### Dataset extract:
════════════════

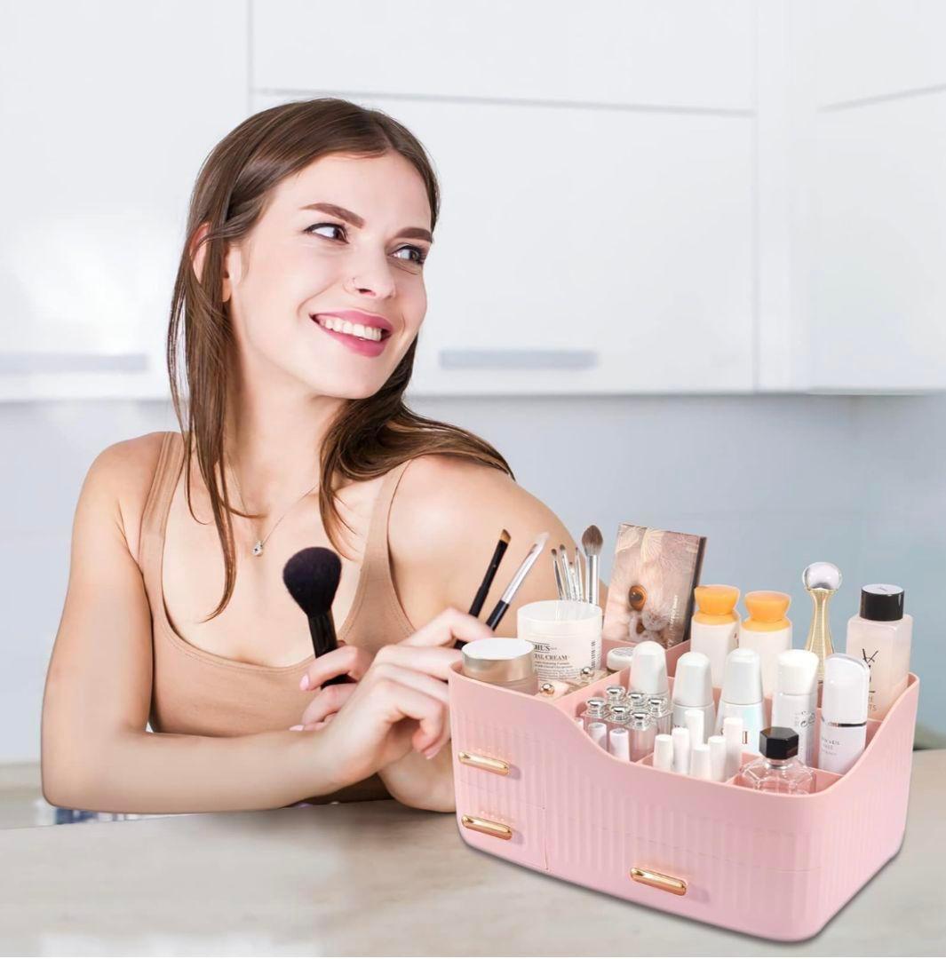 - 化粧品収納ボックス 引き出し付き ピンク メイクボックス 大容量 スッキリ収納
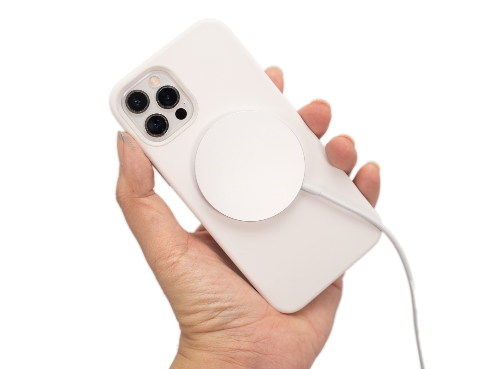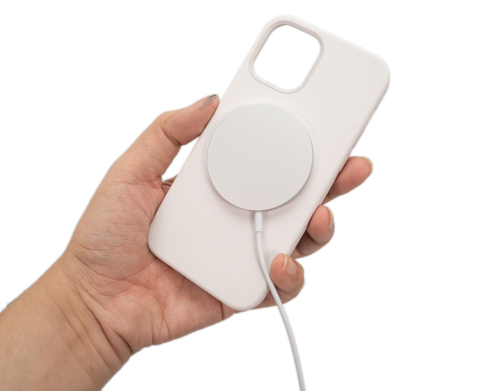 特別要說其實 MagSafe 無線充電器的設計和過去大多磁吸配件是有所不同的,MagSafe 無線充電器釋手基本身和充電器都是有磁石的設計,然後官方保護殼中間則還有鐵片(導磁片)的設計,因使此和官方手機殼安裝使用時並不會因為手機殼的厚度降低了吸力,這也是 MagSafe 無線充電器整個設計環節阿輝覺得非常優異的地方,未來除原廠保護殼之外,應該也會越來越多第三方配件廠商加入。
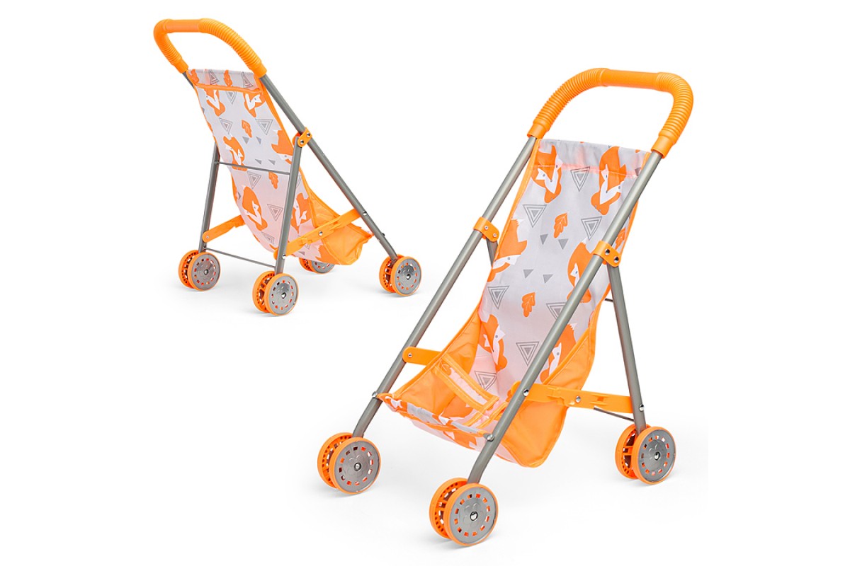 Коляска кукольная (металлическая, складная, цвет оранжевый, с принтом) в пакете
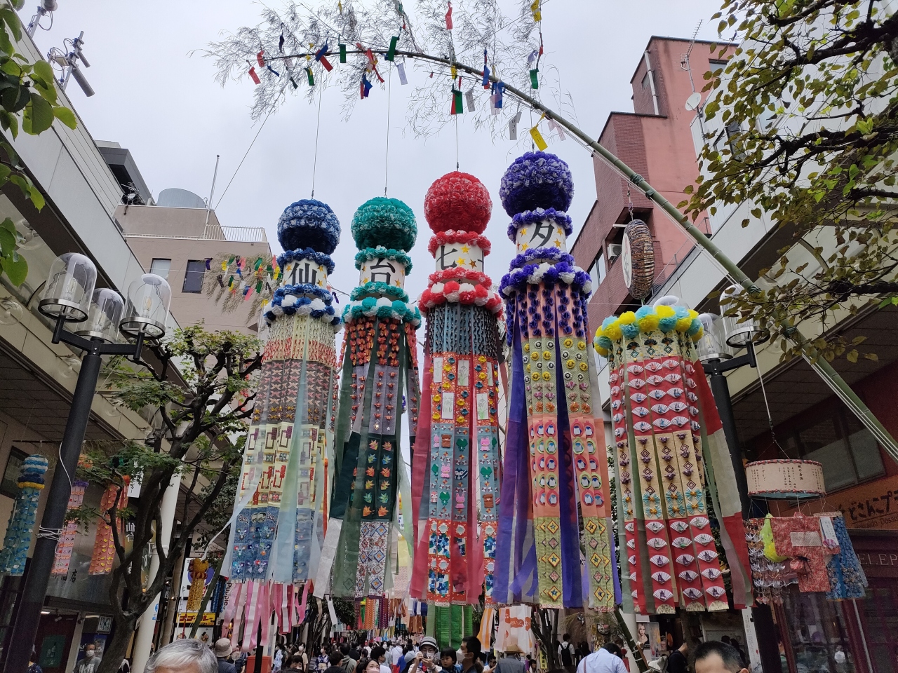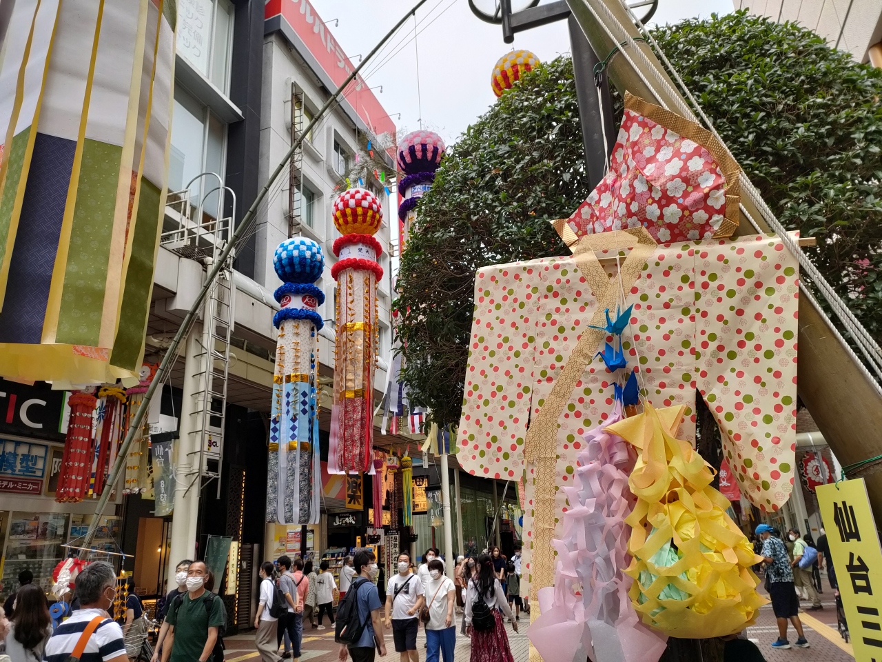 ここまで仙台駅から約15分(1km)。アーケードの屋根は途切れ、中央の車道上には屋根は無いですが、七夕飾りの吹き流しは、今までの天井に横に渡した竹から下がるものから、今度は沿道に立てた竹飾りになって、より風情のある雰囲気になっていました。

════════════════

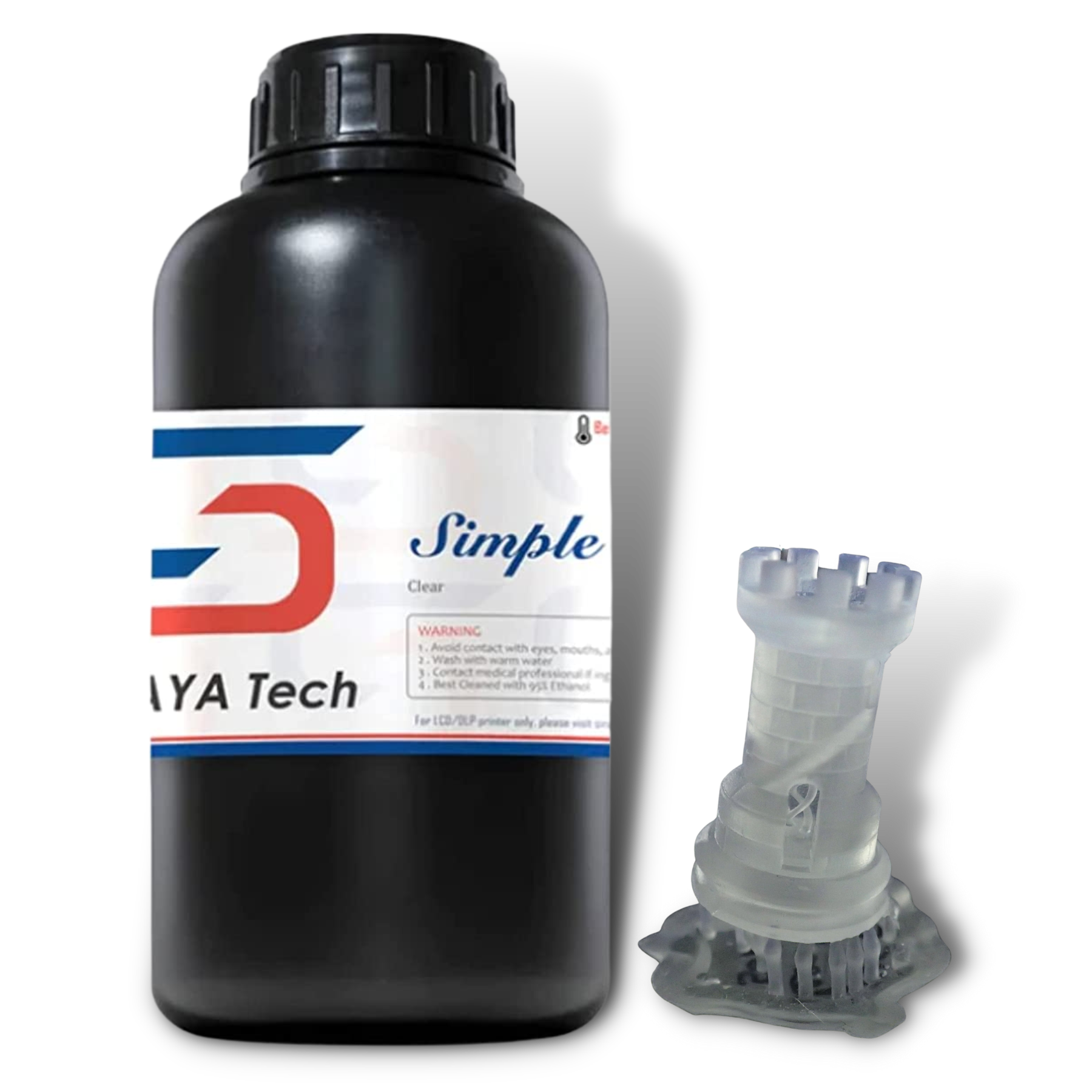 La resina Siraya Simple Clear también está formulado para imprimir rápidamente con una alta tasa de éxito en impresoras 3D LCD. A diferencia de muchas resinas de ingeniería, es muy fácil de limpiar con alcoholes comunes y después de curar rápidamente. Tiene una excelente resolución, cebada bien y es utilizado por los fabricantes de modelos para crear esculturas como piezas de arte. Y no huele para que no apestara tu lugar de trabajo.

════════════════

### To do:
Please repeat, exactly as written, the lines in the records above, starting with the one that has "Коляска кукольная (металлическая, складная, цвет" and going on through the one that has "ここまで仙台駅から約15分(1km)。ア". Pictures are to be left out.

### Result of this task:
 Коляска кукольная (металлическая, складная, цвет оранжевый, с принтом) в пакете
 ここまで仙台駅から約15分(1km)。アーケードの屋根は途切れ、中央の車道上には屋根は無いですが、七夕飾りの吹き流しは、今までの天井に横に渡した竹から下がるものから、今度は沿道に立てた竹飾りになって、より風情のある雰囲気になっていました。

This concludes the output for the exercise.